Cuando la tierra tiembla shows the paradox that Peter Andreas, professor of political science and international relations and an expert in the area, talks about in the video, that is, how both a perfectly sealed and armoured border and a borderless economy are being constructed simultaneously.
To the North of the border the video shows us the new cities. In the 1990s the Mexican population was the ethnic minority that most increased in number in New York City, and the amount of Mexicans accounted for by the US census tripled in the same decade. According to unofficial estimates, the number reaches one million in the tri-state area. The Mexican population constitutes the third largest Hispanic group in New York after the Puerto Ricans and the Dominicans. Most of the Mexicans come from rural communities of the state of Puebla, and work mainly in the catering industry: as cooks, food handlers, and busboys or cleaners in the restaurants. “... All our sowers are washing dishes in New York”, says Carmelo Macedo of the Casa de Puebla in Manhattan.
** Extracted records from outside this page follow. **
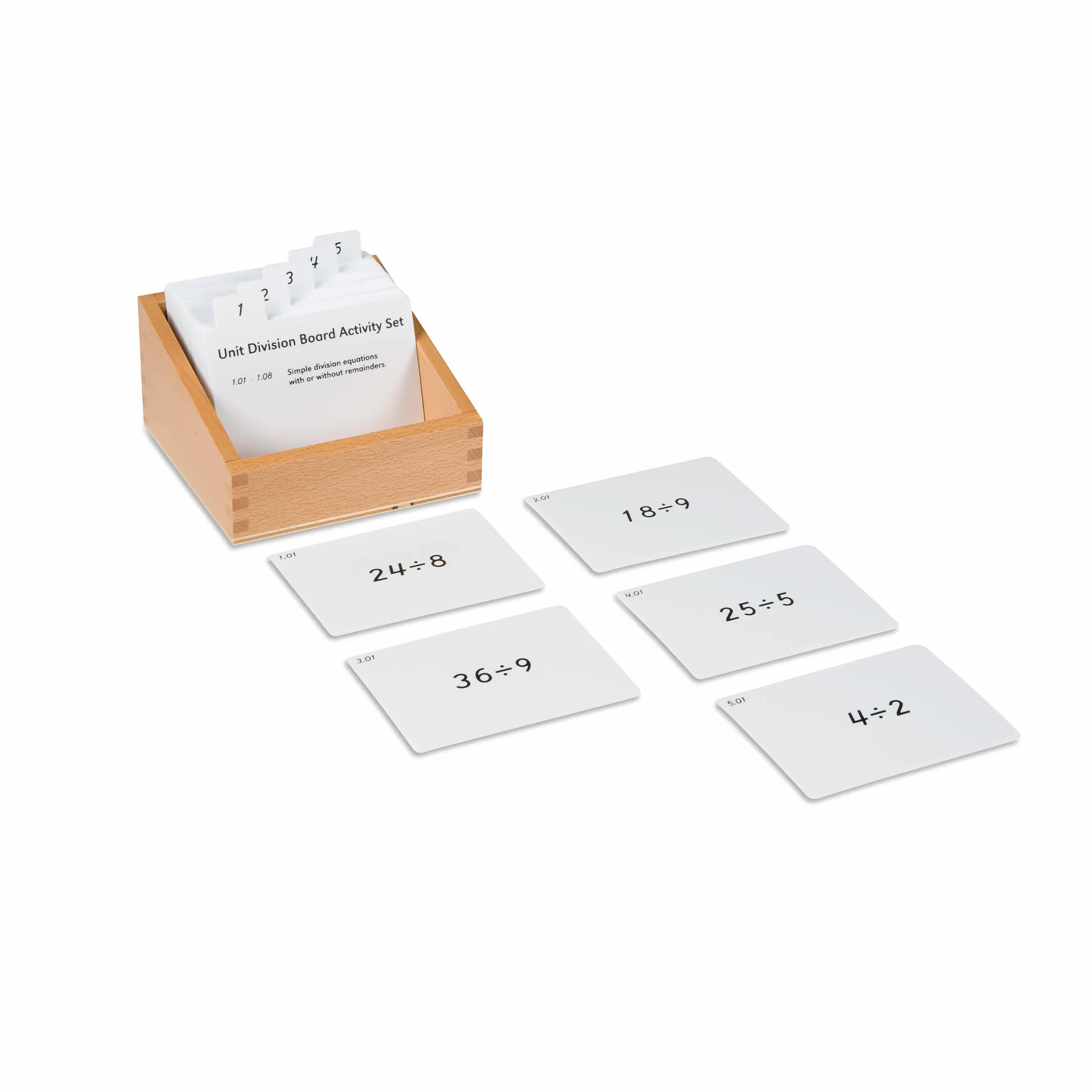 Exercices supplémentaires à utiliser avec le tableau de division des unités. Comprend : des fiches d’exercices, des onglets de séparation et une boîte en bois pour le rangement.
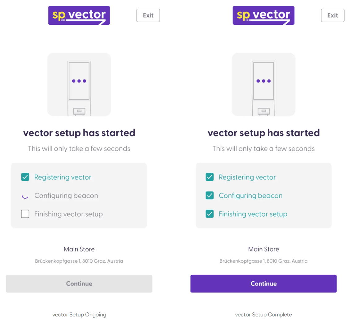 During this process, our system will register the vector to your store. That is, the vector device will receive a unique ID that is linked to your store location and the shopreme Middleware.
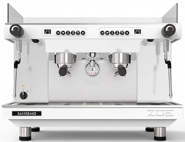 Рожковая кофемашина Sanremo Zoe Competition SED 2GR белая используется в кафе, ресторанах, кофейнях и барах для приготовления различных напитков на основе кофе.

Mexicans in New York are discriminated against in relation to other communities living there. This might be because of their lower level of education or their generalised poor command of English. Be it as it may, the truth is that they are, out of all the ‘illegal’ groups, the most exploited one in labour terms, and the worst paid.
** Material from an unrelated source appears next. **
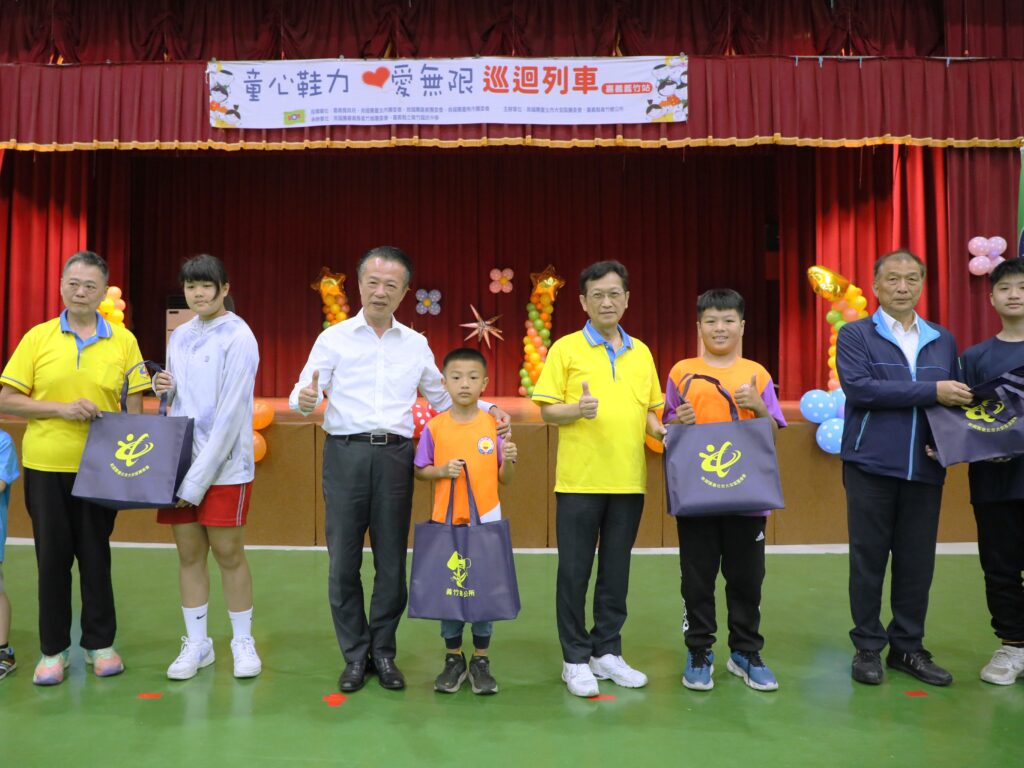 救國團「童心鞋力」巡迴列車抵達嘉義縣義竹鄉,捐贈國中小學童運動鞋

After having shown us this reality, Martí’s camera takes us to ‘The other side’ of the costly wall that now replaces the old wire fence that once separated the USA from Mexico. We are now witness to how life is in the places where the ‘mojados’ (wet) come from, to the absence of those who had to emigrate in the search for survival. The testimonies of relatives who stayed in Mexico tell us about the pain of the separation from their loved ones and about how their own survival depends on those who left: without the money (‘remesas’/‘consignments’) that the latter send them from the USA, they wouldn’t be able to survive. Some of the facts that we learn are amazing; for example, that the second source of revenue coming in to Mexico, after oil, is that constituted by the ‘remesas’. This is thus not only a complex human problem, but a new type of circulation of capital which escapes the control of governments.
In the words of Martí herself: “This is the story of a lot of people with a common place. The place of the non-place, the constructed place. The space that is generated between borders, the space that there is between being legal and being illegal, between different economic realities. This story is repeated in any place in the planet where there is a migrant, a refugee, an exile. And although each of these keeps their own part of the story, their own experience, this one in particular, takes place in New York. Its main characters: mainly Mexican immigrants, the so-called ‘mojados’ (wet), ‘alambrados’ (wire fenced), or more commonly ‘ilegales’ (illegals) who share a common experience.